- The Washington Times - Sunday, November 1, 2009

ANALYSIS/OPINION:

There must be a self-satisfied smirk on the face of the executives at big pharmaceutical companies as they watch congressional Democrats attempt to punish health insurance plans for having the nerve to raise questions about the consequences of current health reform proposals. Why? Because early on, Big Pharma cut a deal, paid up and bought itself some time. It was a Faustian bargain: The deal may protect some of the companies’ profits, but by stifling innovation, it ultimately will harm both patients and the companies themselves.

In spite of Democratic majorities in the House and Senate, Congress still can’t agree on the details of health care reform. However, if there’s one principle that unites the bodies, including Republicans, it is the need to control health care costs. Thus, at the crux of the health care reform debate is the critical question: Where will cost savings come from? Not all cost-cutting is equal.

It has become fashionable at the White House and on Capitol Hill to try to cut costs at the expense of the research-intensive (as opposed to generic) pharmaceutical industry, although this sector has been one of the nation’s most innovative and successful.

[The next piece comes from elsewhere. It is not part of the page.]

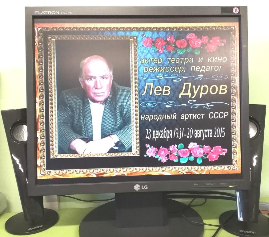 Пенсионерам Дневного пребывания Комплексного центра социального обслуживания населения рассказали, что на сцене этот актёр был талантлив до гениальности, но в жизни оставался очень скромным и простым человеком. Самой лучшей наградой он считал память потомков. Льва Дурова часто называли королём эпизода. Да, он почти не играл главных героев, но его второстепенные персонажи получались такими яркими и самобытными, что порой запоминались больше. Всего в творческой копилке Дурова около 200 ролей в кино и примерно столько же актёрских и режиссёрских работ в театре. А ещё Дуров был непревзойдённым рассказчиком и настоящим мастером художественного слова. Голосом Льва Константиновича говорит Шарик из всеми любимого мультфильма «Каникулы в Простоквашино», а также герои ещё трёх десятков мультипликационных фильмов. Демонстрировались фрагменты из фильмов с участием мастера.

Drugs often improve the span and quality of life in a remarkably cost-effective way. Innovative new drugs have helped many patients avoid costly hospitalization, for example. Between 1980 and 2000, the number of hospital days fell by 56 percent and, as a result, Americans avoided 206 million days of hospital care in 2000 alone, according to Medtap International, which provides health economics and outcome research services. A 1997 report by the National Bureau of Economic Research found that the costs of treatment per episode of major depression fell by 25 percent from 1991 to 1995, and a study in 2000 sponsored by the Agency for Health Care Policy and Research concluded that increased use of a blood-thinning drug would prevent 40,000 strokes a year, saving $600 million annually.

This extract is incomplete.